A classical view is that motor learning has distinguishable early, intermediate, and late phases. A recent view is that motor learning is the acquisition of an abstract equation of motion that specifies the time evolution of a pattern of coordination. The pattern is expressed by a collective variable that enslaves or orders component subsystems that, in turn, act on and generate the collective variable. In these latter terms, early learning resolves the collective variable and its motion equation, intermediate learning stabilizes and standardizes the subsystems or active degrees of freedom (DFs) producing the collective variable's dynamics. The preceding ideas, and the phase-space reconstruction methods required to determine active DFs, are developed in tutorial fashion in the context of an experimental investigation of learning a bimanual rhythmic coordination. Results show that intermediate learning reduces the dimensionality of the learned coordination's dynamics and renders those dynamics more deterministic.
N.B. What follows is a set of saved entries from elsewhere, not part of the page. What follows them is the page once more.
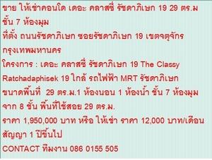ขาย ให้เช่าคอนโด The Classy รัชดาภิเษก 19 29 ตร.ม ชั้น 7 ห้องมุม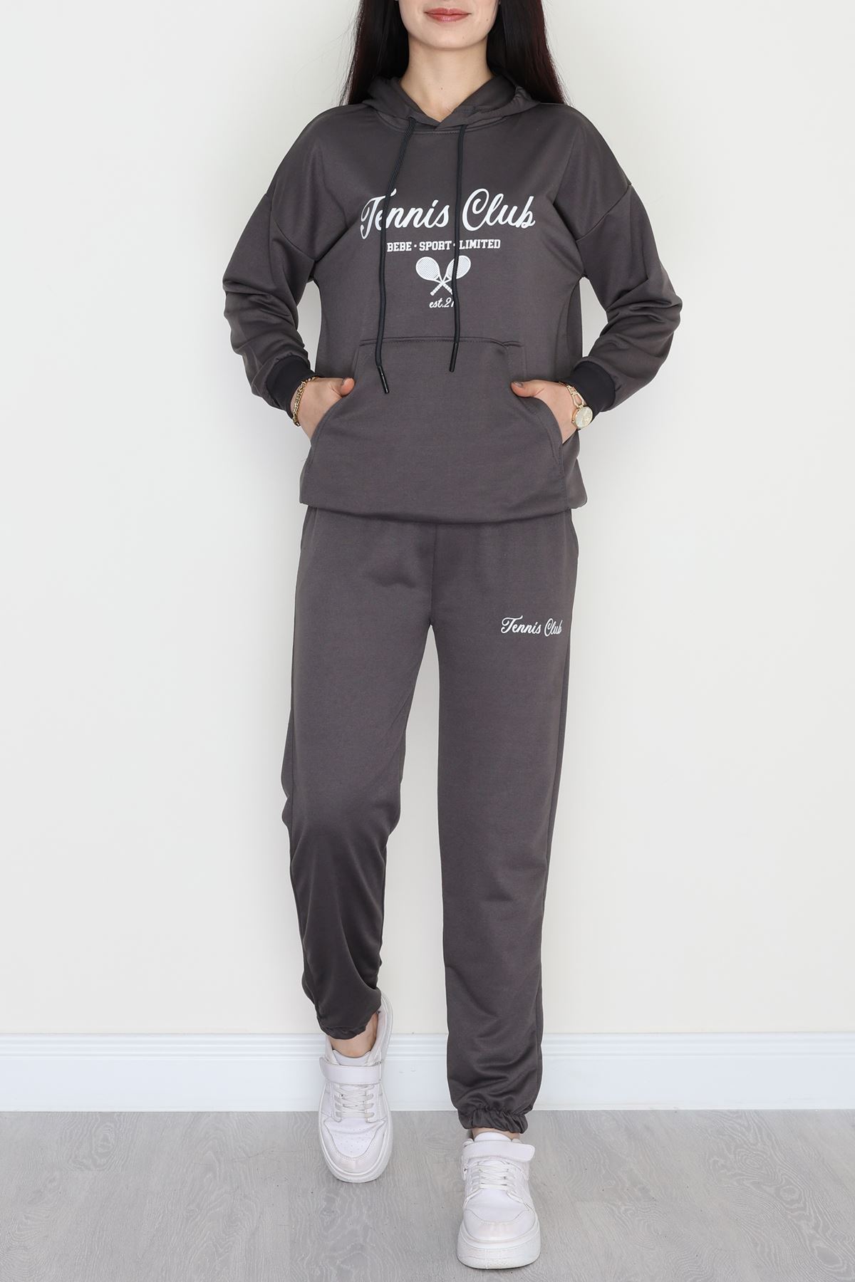 Üç İplik Kanguru Cep Eşofman Takımı Gri - 70777.1878.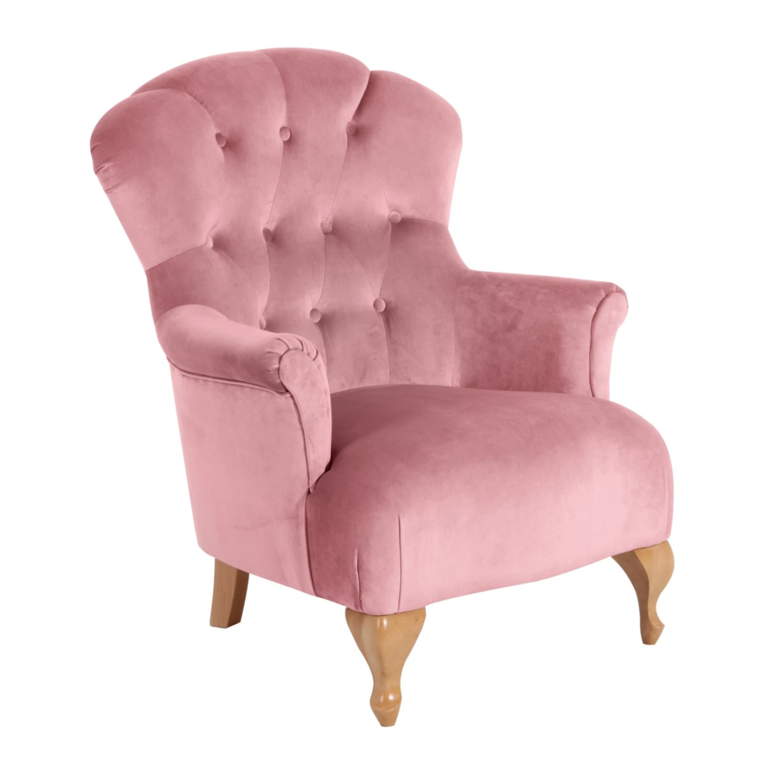 Max Winzer Sessel – rosa – Samtvelours – Buche massiv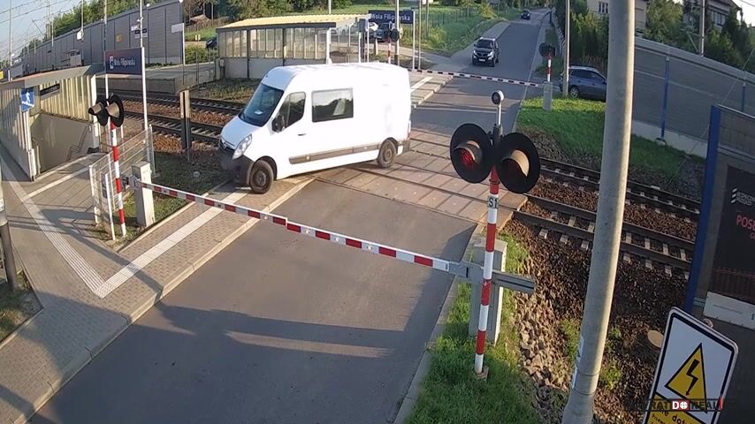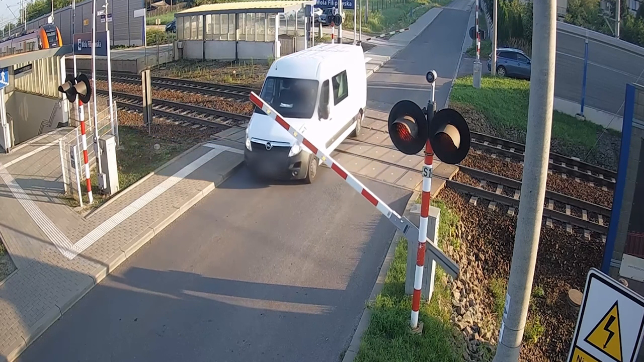 V pátek 1. srpna 2025 došlo v polském Krakově k nebezpečné události na železničním přejezdu, když se dodávka ocitla uvězněná mezi spuštěnými závorami. Řidič stál před těžkým rozhodnutím – buď prorazit závory a riskovat poškození svého vozu, nebo zůstat stát na kolejích. Nakonec se rozhodl závory neporušit a zastavil své pracovní vozidlo těsně u okraje kolejí. Krátce poté přijíždějící vlak narazil do dodávky a zcela ji zdemoloval. Přestože materiální škoda byla značná, velkým štěstím je, že při incidentu nebyl nikdo zraněn.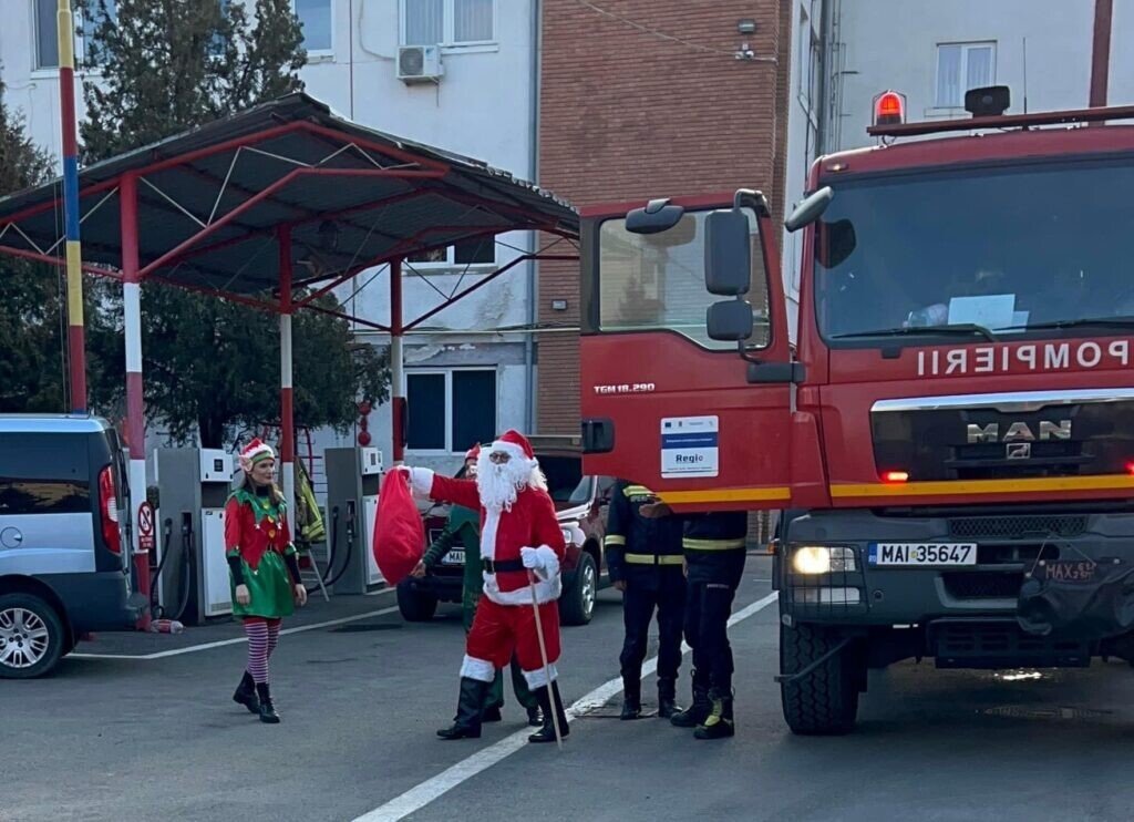 Vizită inedită la ISU SIBIU! Moș Crăciun a poposit la sediul pompierilor, în cadrul unui proiect magic de schimb de experiență.

The tutorial development relates the preceding concepts, results and methods of analyses to (a) the contrast between Poincaréan and Newtonian dynamics, (b) contemporary interpretations of random processes, (c) definitions of DFs in respect to Bernstein's problem, (d) the potential contribution of chaos to the adaptability of a learned coordination, and (e) possible links between active (dynamical) DFs and the control variables r, c, and μ identified by the λ hypothesis.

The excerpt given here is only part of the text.